То, что я называла раньше «отсутствием вдохновения» было вызвано либо помехами извне, включая людей-помех, либо заслонками на самих каналах. Кофе снимал заслонки, кофеварка убирала помехи, а медальон помогал определить мое нынешнее положение во времени и пространстве и сфокусироваться на важном. Я больше не боялась, что вдохновение не придет.
Если медальон хранился в закрытой шкатулке из светлого дерева, то все становилось, как прежде: шкатулка блокировала связь с источниками, но подозреваю, что и прятала меня от посторонних объемных глаз – это ее свойство мне явно пригодится.
Интересно, что когда я выполняла задания владельца фирмы, мои личные каналы мгновенно захлопывались. Но задание-то надо было выполнять – работа есть работа. Я пробовала брать выделенные для меня переизлучателем искры и раздувать их самостоятельно. Результат хоть и соответствовал заданию, но казался настолько чужим и мертвым, что мне не хотелось ставить свое имя на заглавном листе проекта.
Следующее мое действие казалось логичным и даже единственно возможным ходом в этой ситуации. Я соединила один из своих каналов с личным каналом мистера Тартца, как бы сделала отводную трубу. Таким образом я брала его искры, но пропускала их через собственные фильтры. Эффект был поразительным! У меня родился замысел такого прекрасного проекта, который сделал бы честь фирме мистера Тартца – принес бы ей и доход, и признание общественности. Я с головой окунулась в работу, чтобы как можно быстрее подготовить данные для мистера Тартца. Но не успела… пришло уведомление о том, что мое участие в текущих проектах тоже приостановлено.

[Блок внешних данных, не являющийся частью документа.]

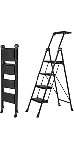 This ladder is a little workhorse! It doesn’t take up a lot of space so I keep it handy right behind the door in my laundry room. It is lightweight, very sturdy and easy unfold and fold back up! I love the little tray that fits on it! Makes it easy to keep nails and hammers or screws and screwdrivers close by and accessible during your project. At 61 years old, I feel very comfortable and secure going up and down this ladder.
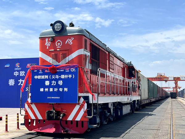 6月8日10時,滿載著100個標箱茶葉及茶系列產品的X9216次“春力號”嵊州茶葉專列,從義烏西站鳴笛啟程,經霍爾果斯口岸出境,預計10天后抵達烏茲別克斯坦首都塔什干,這也標志著長三角首趟茶葉專列成功開行。
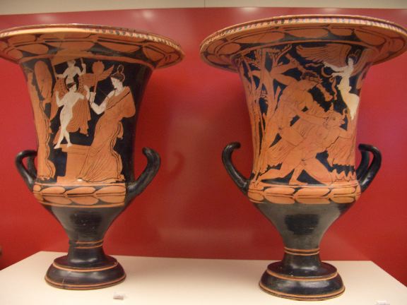 Attic red figure vases (calyx kratons), 340 - 330 BC. Maenads dancing (left). Nike above Theseus slaying the Minotaur (right). National Archeological Museum, Athens
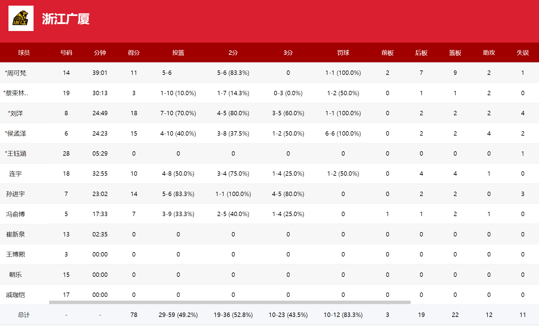 广厦:刘洋18分、侯孟泽15分、孙进宇14分
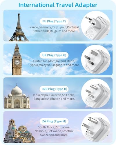 – Compatibility: Type G (UK), Type C (EU), Type M (South Africa), Type D (India)
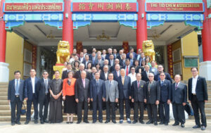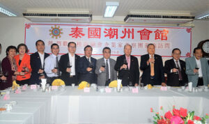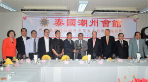 图二:泰国潮州会馆主席黄迨光博士代表泰华九属会馆与雷翔团长互相赠送纪念品,与潮馆副主席:张朝江,庄镇雄,陈绍扬,吴仲昭及访问团成员合影。

Вечером, когда я проходила мимо продуктового магазина, меня окликнул его хозяин, Питер Сольц. Он извинился за своих работников и просил весь гнев обратить на него, потому что продавцы действовали по его инструкции, но, к сожалению, оказались недостаточно тактичны и сообразительны. Питер Сольц выразил надежду, что магазин не потеряет покупателя в моем лице и обещал вечную скидку до двадцати процентов, если я останусь его клиентом.
Скидка была как нельзя кстати, потому что на обычное денежное вознаграждение по завершении текущих проектов я уже не рассчитывала. И, если так пойдет дальше, то одной зарплаты вряд ли хватит, чтобы оплачивать увеличившиеся расходы. Именно благодаря щедрым премиям – а в скупости мистера Тартца обвинить было сложно – я сняла квартиру в богатом доме на набережной, с устланными коврами холлами, швейцаром, фитнес-центром и сауной. Неужели мне придется переезжать в квартиру подешевле? Поиски отнимут много сил и времени, а их хотелось бы посвятить изучению мира, да и сам переезд – не подарок…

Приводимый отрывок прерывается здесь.